The National Post has been publishing a series of articles titled “Beyond Belief”. A piece by Charles Lewis or Charlie Lewis (not the Charles Lewis of 60 Minutes and the Center for Public Integrity) titled “The Trouble with Mary”, featured at AL Daily, discussed the psychology and semantics of “belief” and “faith”. Lewis found a psychologist who was said that faith in miracles and faith in the future are equally valid because they are equivalent subjective events. He found some theologians and Churchmen to explain the meaningfulness of belief in miracles. This was good journalism. Religion is a hard topic for the news industry to configure as marketable news. The political and criminal acts of people who belong to a religious group are news but their inner lives, including their beliefs, are beyond description in a news story. The philosophical rationalizations for religious belief are like book reviews – the justifications offered for people’s likes and tastes are usually meaningless outside the circle of people who care about those things.
The title of the story was clever. It was an obvious play on the title of the movie “There’s Something about Mary”, a satirical comedy of manners about sexual obsession and narcissism in modern romance. In the movie, Mary (Cameron Diaz), was an innocent and an idealist, although it may be more accurate to say that she was gullible and vapid. She had values relating to her own sexuality, dignity, honour and the good life, but her ideas of sexual purity were more Mary Magdalene than Mary Mother of God.
The discussions with conservative Protestant theologians were funny too. They were offering biblical excuses for ignoring the mother of Christ and the doctrine of the Virgin birth in modern sermons and religious discourse – it’s not biblical enough, it’s too RC. The quote from the liberal Episcopalian writer John Shelby Spong that “the story around Mary was a pure construct of a patriarchal Church that wanted to keep women passive and pure” is simplistic and historically wrong, but probably closer to the modern social truth. I think the story has lost its resonance, and that modern men and woman will not stay around a church that can’t get down to the business of affirming their identify, life-style and beliefs. Liberal Christianity affirms modern liberal beliefs. Conservative Christianity affirms modern conservative beliefs. The difference between liberal and conservative on feminist issues, is not that significant. Women do not learn about how to live as women by reading the bible or the catechism, and they don’t consciously model their lives on those stories – although some say they do.

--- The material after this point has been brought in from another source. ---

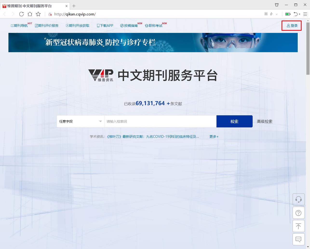 5、完成登陆,跳转至中文期刊服务平台资源页面。

The Virgin Mary was a powerful cultural symbol. It mythically separated the role of women as the objects of male sexual desire from fertility and motherhood. It celebrated the importance of fertile women for their fertility and for their social importance as mothers. It made femininity mysterious and powerful, in much the same way as the Goddess stories favoured by Wiccans and assorted New Age feminists. It gave women a degree of contol over sex and fertility, within the structures of societies in which sex usually led to pregnancy and dependency. It privileged women to require men to submit to many of their needs. And the virginity bit was, after all, as story about one woman. Nobody expected other women to permanently abstain from sex and motherhood.
The symbol has evolved. Wiccans and the New Age have embraced the Goddess, and for the rest of us, the modern ideal of fertile femininity is the Yummy Mummy, delightfully portrayed by Lizzy Ratner in the New York Observer, Epater le Bebe. Baby? Sure, everyone is having them. The Yummy Mummy not necessarily a MILF. The Yummy Mummy is focussed on her role as parent, but her sense of poise and self-possession is dependent on being able to present herself as having it all – looks, sexuality, security, competence – as well as being a devoted and loving parent. The Yummy Mummy’s sinister counterpart is the preening celebrity mother, captured by Judith Newman Moms gone Wild: Fame & Scandal in Vanity Fair.